Request queues detail

Apify API

The Apify API allows you programmatic access to your request queues using HTTP requests.

If you are accessing your datasets using the username~store-name store ID format, you will need to use your secret API token. You can find the token (and your user ID) on the Integrations page of your Apify account.

When providing your API authentication token, we recommend using the request's Authorization header, rather than the URL. (More info).

To get a list of your request queues, send a GET request to the Get list of request queues endpoint.

https://api.apify.com/v2/request-queues

To get information about a request queue such as its creation time and item count, send a GET request to the Get request queue endpoint.

https://api.apify.com/v2/request-queues/{QUEUE_ID}

To get a request from a queue, send a GET request to the Get request endpoint.

https://api.apify.com/v2/request-queues/{QUEUE_ID}/requests/{REQUEST_ID}

To add a request to a queue, send a POST request with the request to be added as a JSON object in the request's payload to the Add request endpoint.

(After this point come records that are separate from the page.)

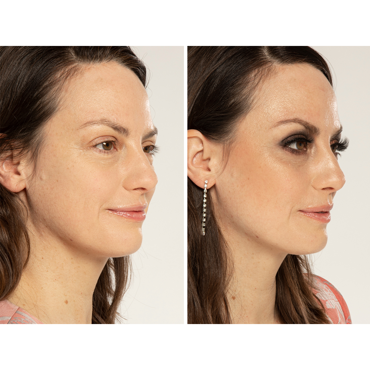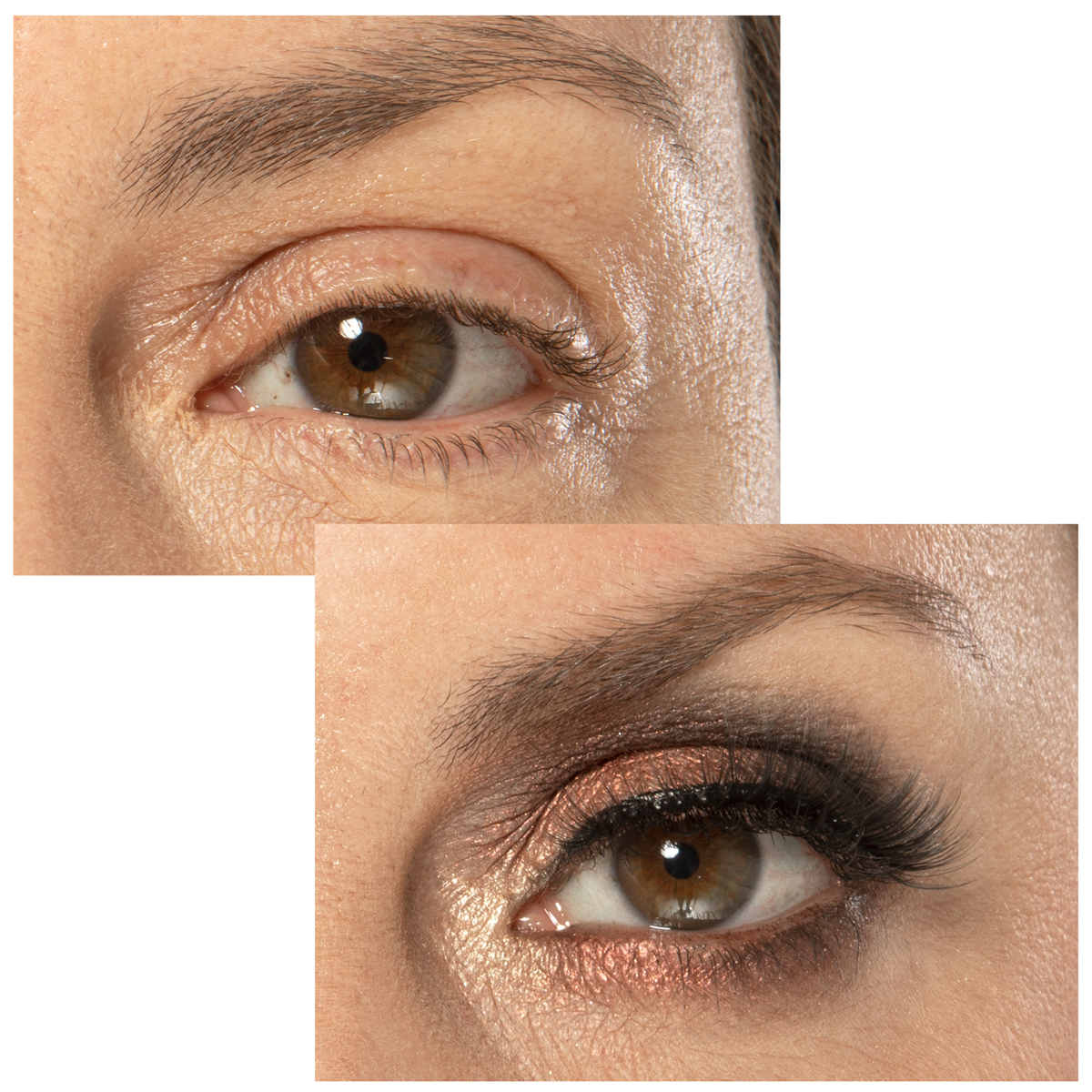 Halte das Wimpernband mittig fest (mit Deinen Fingern oder unserem praktischen MAGIC LASHY Applicator). Nun schließt Du ein Auge und platzierst die Bandwimper so nah wie möglich an Deinem natürlichen Wimpernkranz direkt auf den Lidstrich. Beginne hierzu im inneren Augenwinkel und drücke die Wimpern vorsichtig Stück für Stück mit dem Applicator oder Deinem Finger auf den Eyeliner.
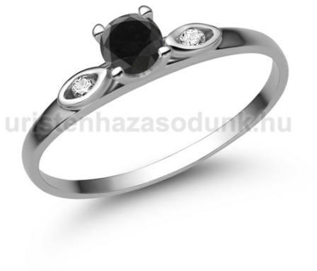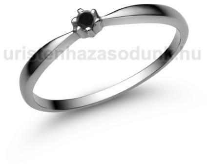 Egy köves fehér arany eljegyzési gyűrű, briliáns csiszolású fekete gyémánt kővel.
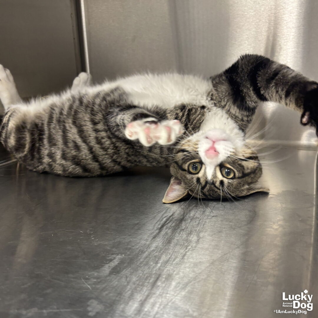 Please contact Lauren McCarty (laurenmc@luckydoganimalrescue.org) for more information about this pet.Sweet Fig is looking for a forever home!FIG NEEDS A FOREVER HOME! Name: Fig Best Guess for Breed: Domestic Short Hair Age: 8 months old as of 1/15/25 – Estimated DOB: 5/15/24 SEX: male Approximate Weight: 6lbs 11 oz Coloring: Brown tabby with white accents Type of Hair: Short Lived with: Ozzy and Fig Gets Along With: Because of his young age, Fig will likely get along with other cats, dogs and kids with an acclimation period. We’re happy to help with tips and tricks! I live with a dog in foster! Currently Living at: Shelter…coming to DC area soon I am Looking For: My loving forever family! Hi! I’m Fig, and I am a cute little kitten! I won’t ask for much- just some love, cuddles and lots of toys so I can run and play and be my kitten self. What My Foster Says About Me: coming soon! Kitten Vetting Requirements: Your kitten may not be fully vaccinated upon adoption. You will be responsible for providing whatever remaining vaccines are needed to complete the kitten vaccine series. TO ADOPT: The adoption fee for adult cats is $200 ($350 for two cats adopted together). The adoption fee for a kitten (under 7 months old) is $220 ($380 for two kittens adopted together).If you are interested in adopting, please complete the Adoption Questionnaire online at bit.ly/adoptaluckycat. Lucky Dog Animal Rescue does our best to provide accurate information about the cats we have for adoption. That said, we cannot make any guarantees about age, breed or temperament. Thank you for contacting Lucky Dog Animal Rescue and helping to save a life! Please visit us online at www.luckydoganimalrescue.org . BE A FOSTER!!! Fosters make it possible for Lucky Dog Animal Rescue to save and care for homeless and abandoned dogs! To learn about fostering, please contact fostering@luckydoganimalrescue.org BE A SPONSOR!!!! Sponsors help Lucky Dog support the many dogs we save. To learn more about sponsorship, please contact info@luckydoganimalrescue.org !
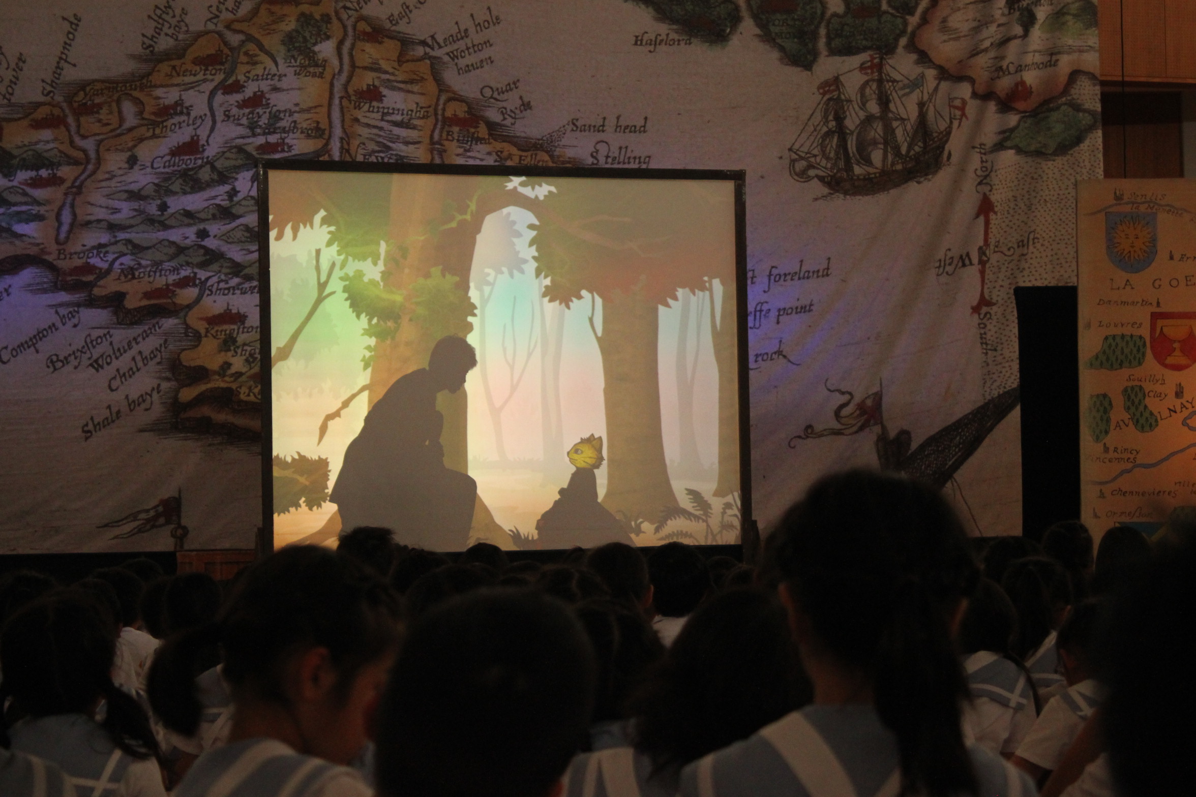 今年は、劇団かかし座の方々にお越しいただき、影絵劇を鑑賞しました。
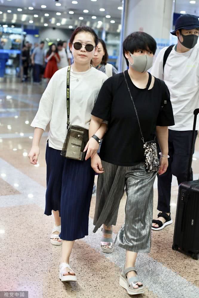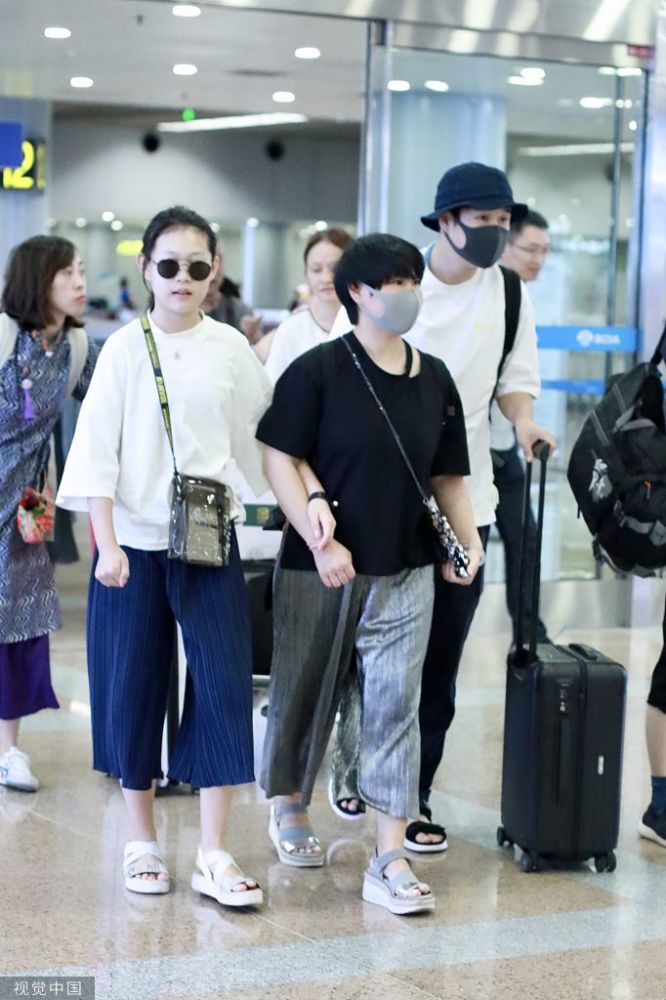 2019年8月15日,北京,小沈陽和妻子沈春陽帶女兒沈佳潤現(xiàn)身機場,一家三口罕見同框。小沈陽承包行李甘當“苦力”,沈春陽和女兒全程挽手親昵似閨蜜,兩人同穿闊腿褲和鞋子,畫面溫馨有愛。
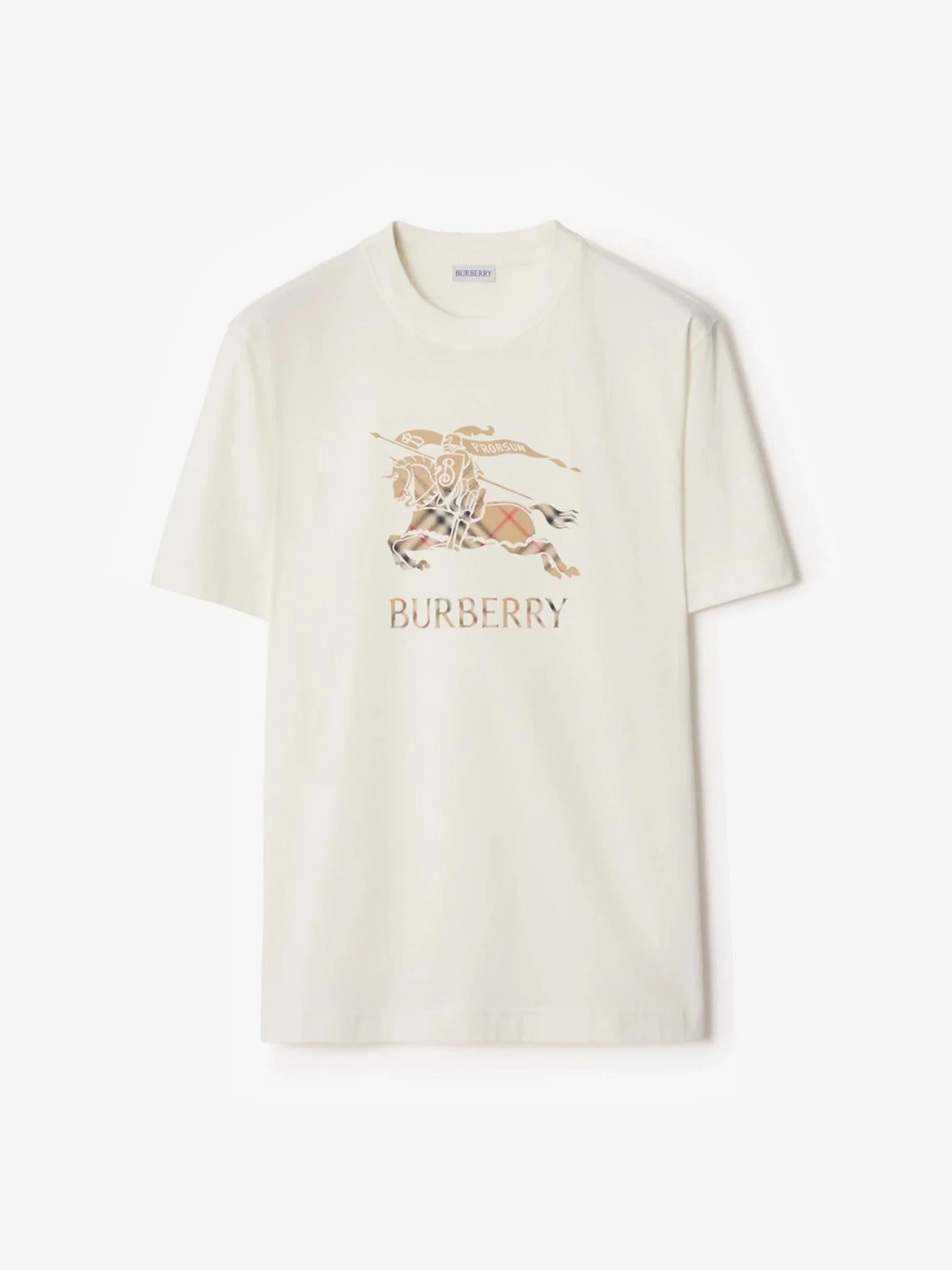 SKU: 553-004543 01 BRAND ID: 8119014 Burberry T-shirt By Burberry • Ribbed finish at the neck • Regular style • Brand logo printed on the chest • Made from cotton knit • Short-sleeved T-shirt • Round neck • Composition: 100% organic cotton • Made in: Portugal
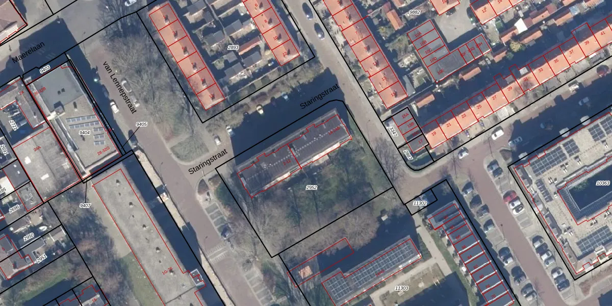 Het perceel waarop Staringstraat 16 staat heeft een oppervlakte van 1602 m². Dit is een zeer groot perceel. De perceeloppervlakte wordt geregistreerd door het Kadaster. Gedetailleerde informatie over de maten van dit perceel kunt u vinden in het rapport Kadastrale kaart met maatvoering van Staringstraat 16.
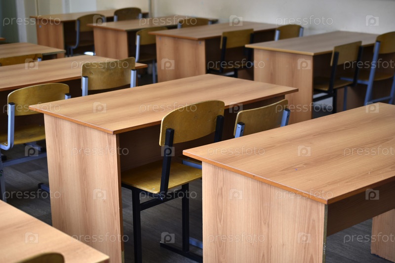 Школьные принадлежности. Концепция образования. Школьные парты и стулья в классе ученика в школе
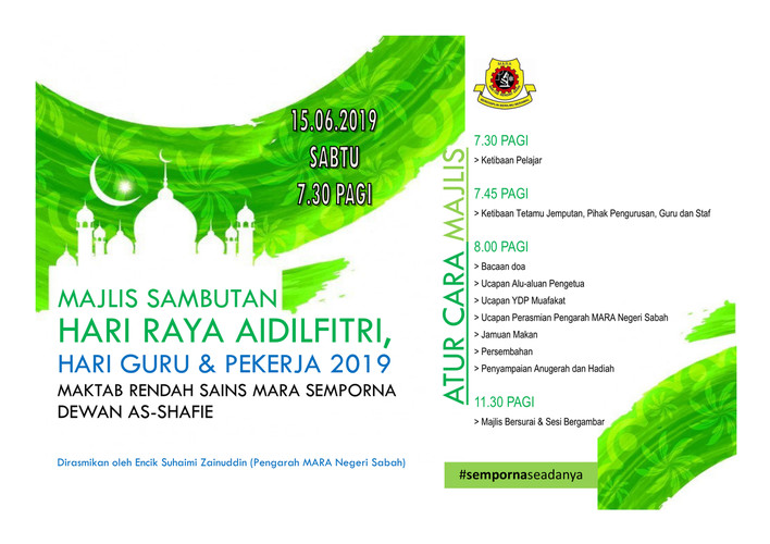 Selamat pagi dan salam 1 malaysia kepada warga smk kulai besar. Majlis dengan segala hormatnya mempersilakan. Persatuan siswa siswi felda (persada uitm 2013). Majlis iftar dan makan malam timbalan menteri pendidikan i bersama warga jpn johor. Kemaman untuk menyampaikan ucapan seterusnya merasmikan majlis pelantikan kepimpinan murid bagi tahun 2014.
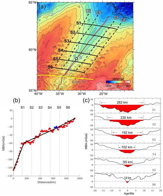 The MBA of the Reykjanes Ridge and its adjacent area ranges from −200 to 160 mGal and gradually increases from −125 mGal in the north to 0 mGal in the south along the ridge axis (Figure 4a). The MBA curve is divided into two segments: at the 0–160 km range, the MBA increases rapidly by 65 mGal with a gradient of 0.406 mGal/km; at the 160–930 km range, the MBA increases by 65 mGal with a gradient of 0.08 mGal/km (Figure 4b). The width of the MBA low-value zone (<0 mGal) narrows from 282 km in profile 1 to 14 km in profile 6 (Figure 4c). In the north of profile S2, the western side of the ridge has a wider MBA low-value zone than that of the eastern side of the ridge. In the south of profile S2, the Reykjanes Ridge has a symmetric MBA low-value zone. In profile S4, the width of the MBA low-value zone narrows rapidly. In the south of profile S6, the width of the MBA low-value zone approaches 0 km.
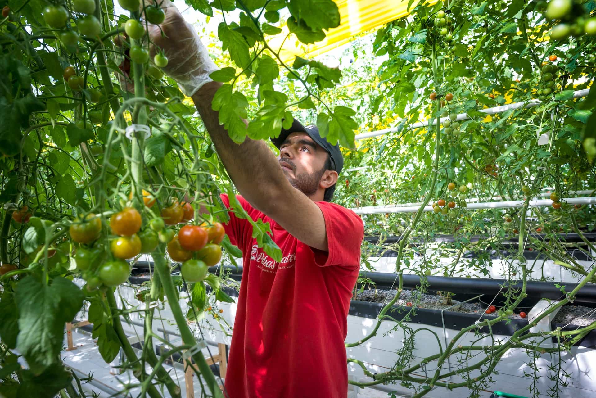 I HÀrnösand drivs samma idé i stor kommersiell skala. PÄ ett industriomrÄde stÄr lÄnga rader av vÀxthus som tillsammans rymmer 4000 tomatplantor. Strax intill stÄr lagerbyggnader och stora vattentankar fyllda med laxöringar. AnlÀggningen producerar 1200 ton tomater och 40-50 ton laxöring om Äret.
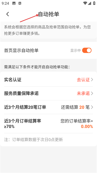 3、自動搶單頁面,說明該功能需滿足實名認證、訂單結算等條件,助力師傅獲取更多訂單,提升接單效率。
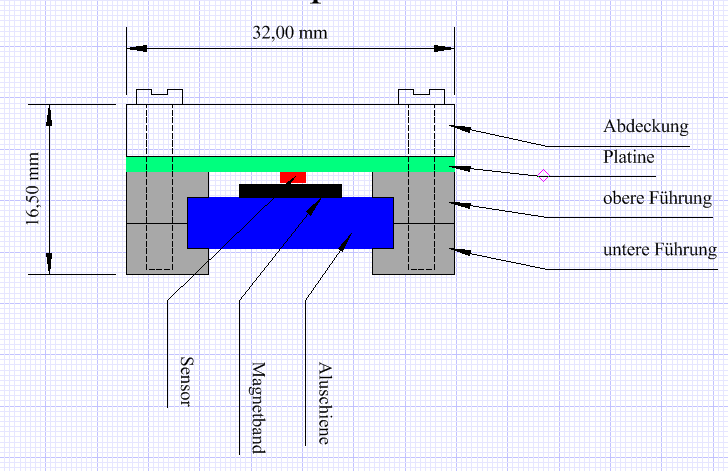 Die Bereichsangaben wurden mit einem Stück Testmagnetband der Firma Bogen Electronic experimentell ermittelt und decken sich auch mit den Angaben aus dem Datenblatt des AS5311. Da sich unter ungünstigen Umständen die Toleranzen der einzelnen Teile (Sensorschaltkreis, Magnetband, Abdeckband) summieren wurde folgender, recht einfach gehaltener Aufbau für eine Linearführung gewählt:
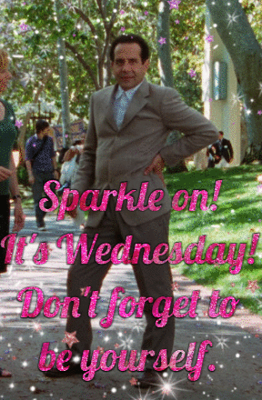 Content Description: a man in a suit stands in front of a sign that says sparkle on wednesday do n't forget to be yourself
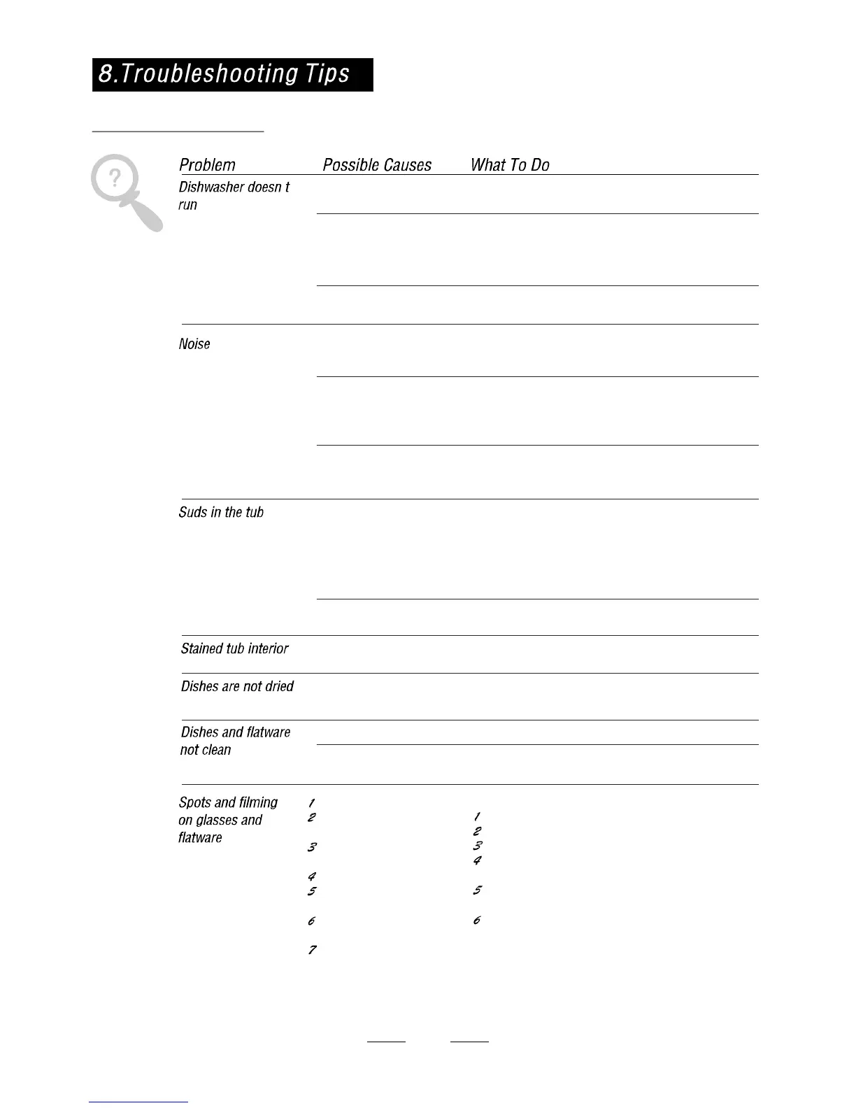 Improper rack loading Make sure that the action of the detergent dispenser and

https://api.apify.com/v2/request-queues/{QUEUE_ID}/requests

Example payload:

{
"uniqueKey": "http://example.com",
"url": "http://example.com",
"method": "GET"
}

To update a request in a queue, send a PUT request with the request to update as a JSON object in the request's payload to the Update request endpoint. In the payload, specify the request's ID and add the information you want to update.

https://api.apify.com/v2/request-queues/{QUEUE_ID}/requests/{REQUEST_ID}

Example payload:

{
"id": "dnjkDMKLmdlkmlkmld",
"uniqueKey": "http://example.com",
"url": "http://example.com",
"method": "GET"
}

When adding or updating requests, you can optionally provide a clientKey parameter to your request. It must be a string between 1 and 32 characters in length. This identifier is used to determine whether the queue was accessed by multiple clients. If clientKey is not provided, the system considers this API call to come from a new client. See the hadMultipleClients field returned by the Get head operation for details.

Example: client-abc

For further details and a breakdown of each storage API endpoint, refer to the API documentation.

Apify API Clients

JavaScript API client

The Apify JavaScript API client (apify-client) enables you to access your request queues from any Node.js application, whether it is running on the Apify platform or externally.

After importing and initiating the client, you can save each request queue to a variable for easier access.

const myQueueClient = apifyClient.requestQueue('jane-doe/my-request-queue');

You can then use that variable to access the request queue's items and manage it.

Check out the JavaScript API client documentation for help with setup and more details.

Python API client

The Apify Python API client (apify-client) allows you to access your request queues from any Python application, whether it's running on the Apify platform or externally.

After importing and initiating the client, you can save each request queue to a variable for easier access.

my_queue_client = apify_client.request_queue('jane-doe/my-request-queue')

You can then use that variable to access the request queue's items and manage it.

Check out the Python API client documentation for help with setup and more details.

Apify SDKs

JavaScript SDK

When working with a JavaScript Actor, the JavaScript SDK is an essential tool, especially for request queue management. The primary class for this purpose is the RequestQueue class. Use this class to decide whether your data is stored locally or in the Apify cloud.

If you are building a JavaScript Actor, you will be using the JavaScript SDK. The request queue is represented by a RequestQueue class. You can use the class to specify whether your data is stored locally or in the Apify cloud and enqueue new URLs.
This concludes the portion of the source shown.